For the graphic design I turned to Dimitris Vasiadis, a friend of mine who was also a member of the Greek Guild (username: Base the Bass) and had also participated in the design contest. In fact, he had won in the category "Best artwork/presentation", so he knew his business. Dimitris took Panayotis' artwork, then designed the layout of the cards we would use for the prototype. He also did a very good job and I would like to thank him both for what he did at that time and for later while working on the final product.

So with a nice-looking prototype in hand, I approached the publisher and told him about my game. He liked the theme and we arranged a meeting so that we could play. When we did, it was obvious that everyone on the table was having a good time. And truly enough, a few days later I got a call, we scheduled another meeting, and I was told we had a deal!

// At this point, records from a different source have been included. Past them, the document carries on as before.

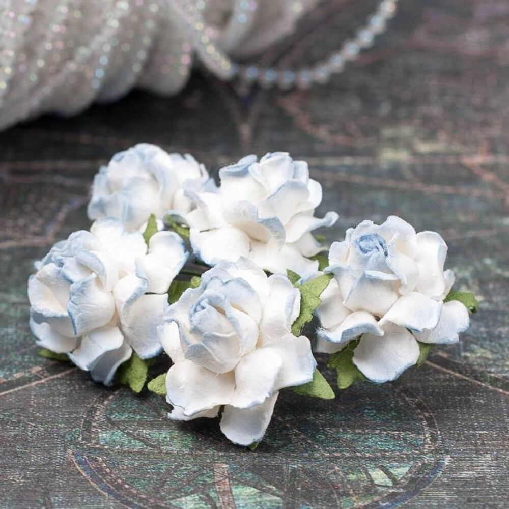 Букет бумажных роз ручной работы бело-голубого цвета. В букете 5 бутонов роз диаметром 25мм. Длина стебля 6см.
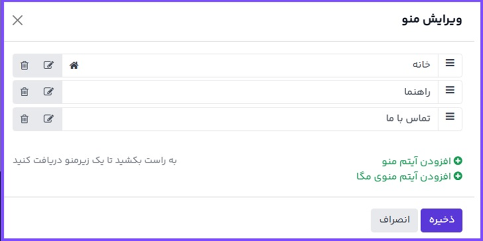 با استفاده از آیکون ویرایش آیتم منو یکی از آیتمهای منو را تغییر نام یا آدرس URL آن را تغییر دهید؛
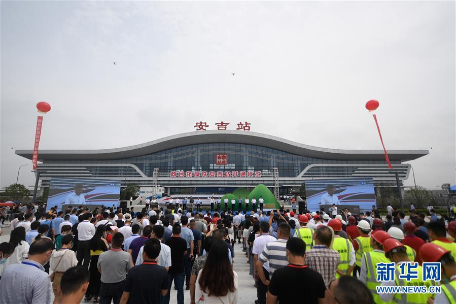 這是6月28日拍攝的商合杭高鐵浙江安吉站開通儀式現(xiàn)場(chǎng)。新華社記者黃宗治攝
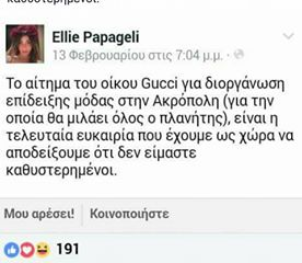 Σύμφωνα με το γνωστό μοντέλο, μέλος της ΟΝΝΕΔ και θαυμάστρια του Άδωνη Γεωργιάδη, Έλλη Παπαγγελλή, τελευταία ευκαιρία της Ελλάδας είναι η πασαρέλα στην Ακρόπολη. Για να αποδείξουμε στους Ευρωπαίους, ως Έλληνες ιθαγενείς, ότι δεν είμαστε και τόσο καθυστερημένοι, αφού είμαστε πρόθυμοι για ακόμη μια φορά να ανταλλάξουμε την αξιοπρέπεια μας με αντάλλαγμα λίγα Gucci καθρεφτάκια.

You can imagine my joy at that moment! I couldn't be happier! However, closing the deal was only the beginning. There was a ton of things that needed to be done. First of all: Additional playtesting. A word to the wise: No matter how much you have playtested your game (or you think you have playtested it) there is always the need for more. Test it, test it some more, test it again, and then test it twice to be sure, before doing all that again. Test it with experienced players, test it with new players, test it with friends, and test it with strangers. You need to get as much feedback as possible and from as many sources as possible. Be careful, though: While you should take all of the opinions into consideration, you will be the judge of which ones actually need to be implemented.

And you need to fight with yourself sometimes. When I had gone to the publisher, I was under the impression that the game was almost finished. However, after many playtest sessions, it was obvious that various changes needed to be made. Not so much to the core of the game - that remained mostly intact - but mainly to the cards' abilities and the various costs. The only change to the mechanisms at that point had to do with the states of the customers. It was apparent that letting them have three states (normal, anxious and angry) was too much as it was rare for a player to have a customer leave due to not being served - and that meant no real pressure. Thus, only two states remained: normal and anxious. Now the effects of the Unforeseen Events were more serious, and the players had to play carefully in order to avoid losing customers.

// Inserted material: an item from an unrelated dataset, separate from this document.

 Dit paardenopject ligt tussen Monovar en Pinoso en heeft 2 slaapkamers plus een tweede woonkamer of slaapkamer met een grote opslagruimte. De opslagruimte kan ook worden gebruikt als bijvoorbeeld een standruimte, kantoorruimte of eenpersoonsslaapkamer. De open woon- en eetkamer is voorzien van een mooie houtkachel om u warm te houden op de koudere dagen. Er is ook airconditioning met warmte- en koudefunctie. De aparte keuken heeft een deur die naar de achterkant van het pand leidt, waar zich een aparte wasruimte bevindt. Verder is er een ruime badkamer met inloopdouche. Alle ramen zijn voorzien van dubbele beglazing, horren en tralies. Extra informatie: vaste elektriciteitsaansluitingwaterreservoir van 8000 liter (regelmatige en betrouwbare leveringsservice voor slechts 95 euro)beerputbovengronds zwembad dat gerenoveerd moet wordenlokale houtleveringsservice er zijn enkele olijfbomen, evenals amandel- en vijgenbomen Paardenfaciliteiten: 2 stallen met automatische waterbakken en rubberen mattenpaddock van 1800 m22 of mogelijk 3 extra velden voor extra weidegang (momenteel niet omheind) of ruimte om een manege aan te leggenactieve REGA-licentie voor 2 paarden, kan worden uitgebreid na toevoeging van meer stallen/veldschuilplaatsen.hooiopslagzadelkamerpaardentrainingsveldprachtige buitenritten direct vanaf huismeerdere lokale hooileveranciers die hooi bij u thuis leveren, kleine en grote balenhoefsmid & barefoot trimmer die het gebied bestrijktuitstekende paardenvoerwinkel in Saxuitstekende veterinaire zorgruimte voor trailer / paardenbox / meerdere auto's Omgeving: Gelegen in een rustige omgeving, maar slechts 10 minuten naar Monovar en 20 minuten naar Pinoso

A lot of work also needed to be done with the artwork and the graphic design. There were countless emails exchanged between the three of us involved, various versions tried, and many hours spent to get a result that was as good as possible. In the end I am proud of all that work and believe it paid off.

So here you have it! Souvlaki Wars: A fun card game for the whole family that puts the players in the shoes of Greek fast food restaurant owners. In a few days, the game will hit the shelves in the Greek market and right after that it will make its international debut at Spiel 2011. If you like what you read above, be sure to drop by our booth (4-308). I will be there all four days demoing the game and answering any questions you may have.

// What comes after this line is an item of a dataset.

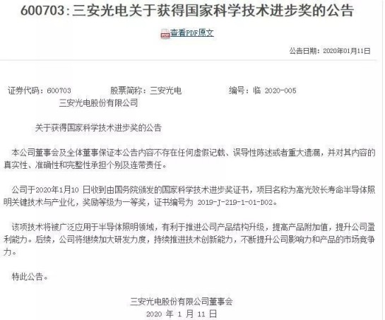 “公司于2020年1月10 日收到由國務院頒發的國家科學技術進步獎證書,項目名稱為高光效長壽命半導體照明關鍵技術與產業化,獎勵等級為一等獎,證書編號為 2019-J-219-1-01-D02。
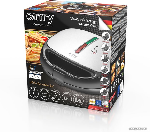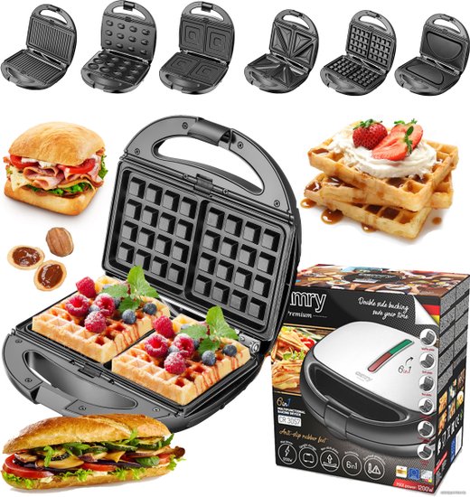 • Рабочая поверхность гриль-пластина, форма для 2 ломтиков хлеба, вафельница, орешница, форма для омлета

Looking forward to seeing you there!

Vangelis Bagiartakis


I'd like to thank a few people not mentioned in the article above who helped a lot during the creation of Souvlaki Wars. First and foremost my wife Evangelia who encouraged me a lot before going to the contest and who later put up with all the late hours I was pulling in order to have the game ready. Secondly, Konstantinos Kokkinis and his wife Santra who were the first playtesters. They encouraged me and gave me valuable feedback - if not for them, I may not have moved forward with the game. (Be sure to check Konstantinos's game Drum Roll, which will also appear at Spiel 2011.) A big thank you also goes to Manos Velivassakis, who had the idea for the design contest. Without it I don't know whether the game would be where it is now. Last but not least, a big thank you to all the members of the Greek Guild for all of their support during the last months! Thank you, guys! It meant a lot to me.